Top of The data
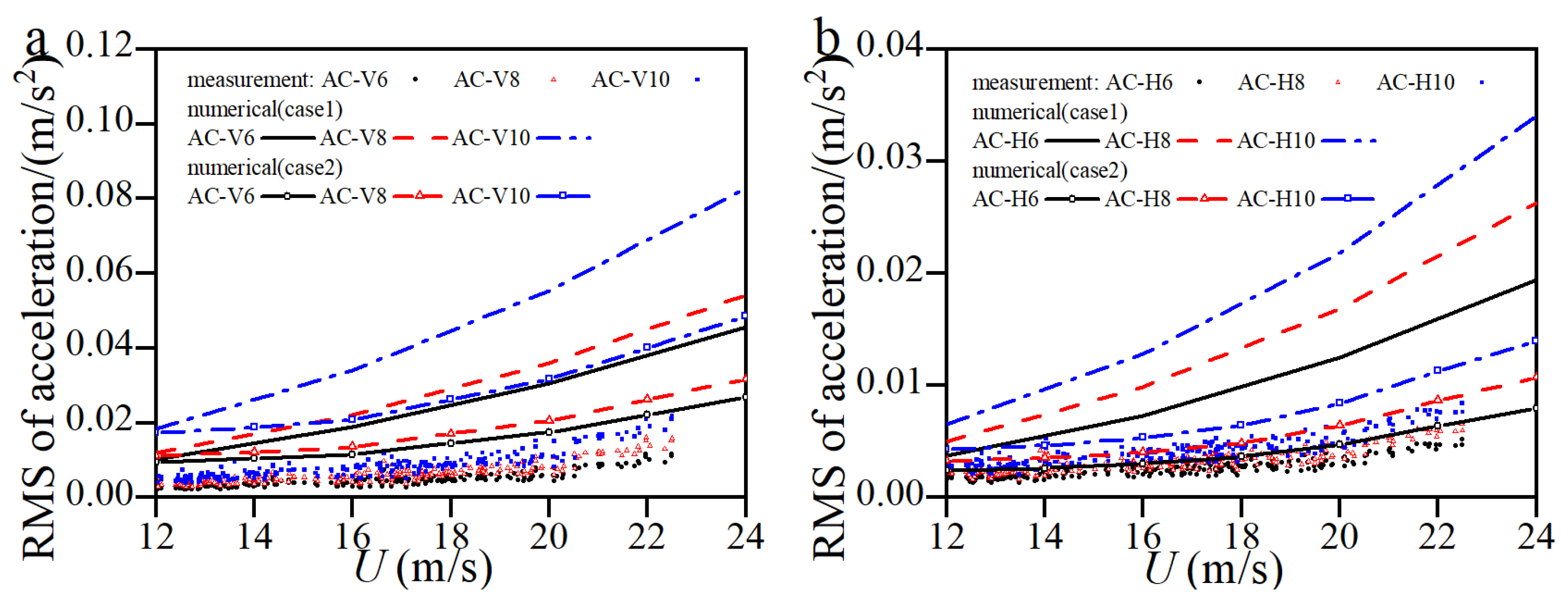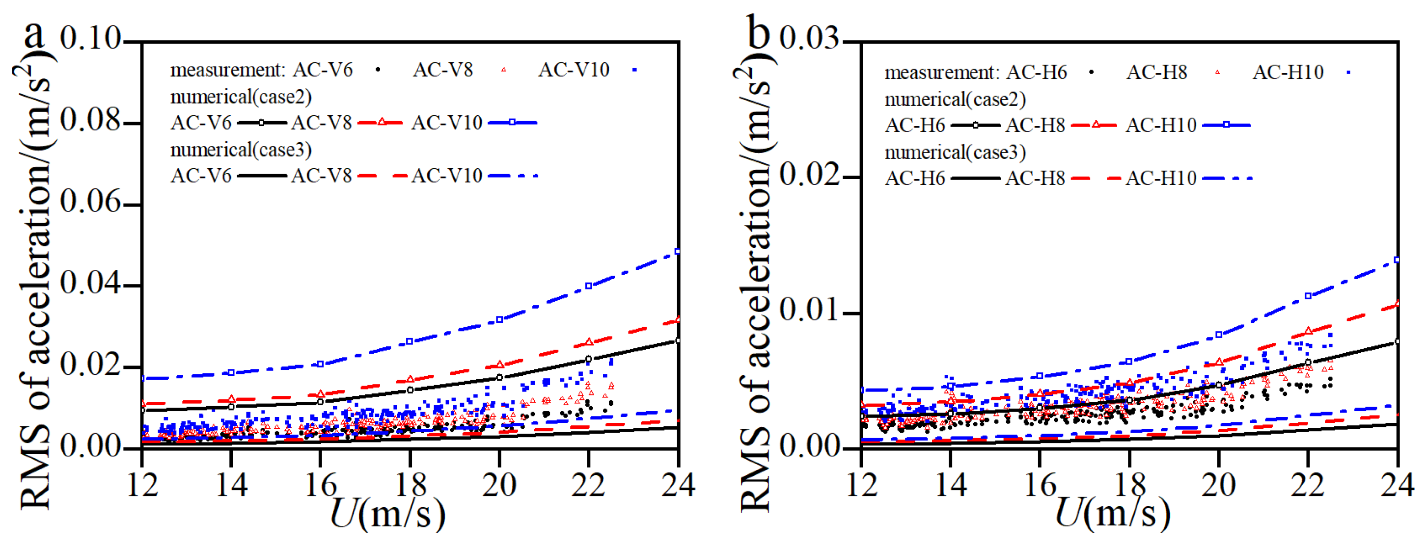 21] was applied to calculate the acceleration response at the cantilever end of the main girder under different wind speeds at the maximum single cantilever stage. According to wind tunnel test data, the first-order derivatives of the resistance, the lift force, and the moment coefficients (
Bottom of The data
Top of The data
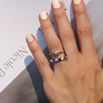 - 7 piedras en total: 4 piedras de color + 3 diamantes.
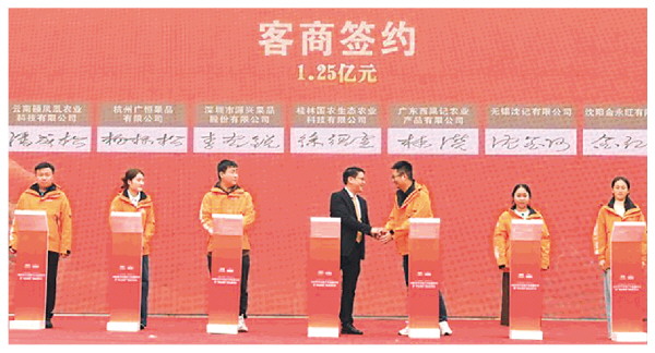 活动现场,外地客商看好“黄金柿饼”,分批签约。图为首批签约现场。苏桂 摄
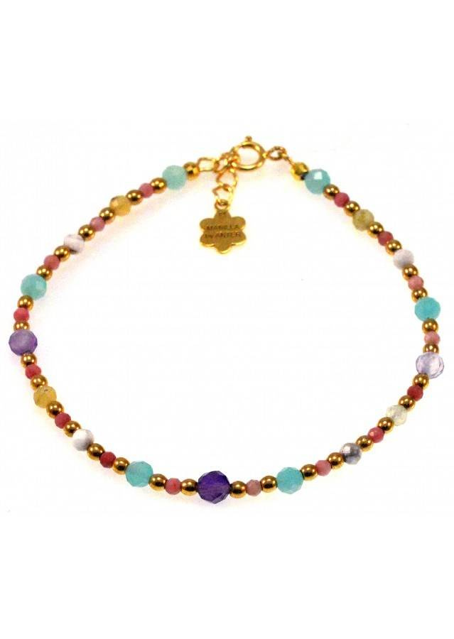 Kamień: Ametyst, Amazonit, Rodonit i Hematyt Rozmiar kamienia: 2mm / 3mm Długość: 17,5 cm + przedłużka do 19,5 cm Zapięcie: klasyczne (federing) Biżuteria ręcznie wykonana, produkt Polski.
Bottom of The data
> _Requirement_:
Each line from the one that contains "- 7 piedras" down to the one that contains "Kamień: Ametyst, Amazonit, Rodonit" is to be returned exactly as it stands above, both ends included, with pictures removed.

> _Response below_:
 - 7 piedras en total: 4 piedras de color + 3 diamantes.
 活动现场,外地客商看好“黄金柿饼”,分批签约。图为首批签约现场。苏桂 摄
 Kamień: Ametyst, Amazonit, Rodonit i Hematyt Rozmiar kamienia: 2mm / 3mm Długość: 17,5 cm + przedłużka do 19,5 cm Zapięcie: klasyczne (federing) Biżuteria ręcznie wykonana, produkt Polski.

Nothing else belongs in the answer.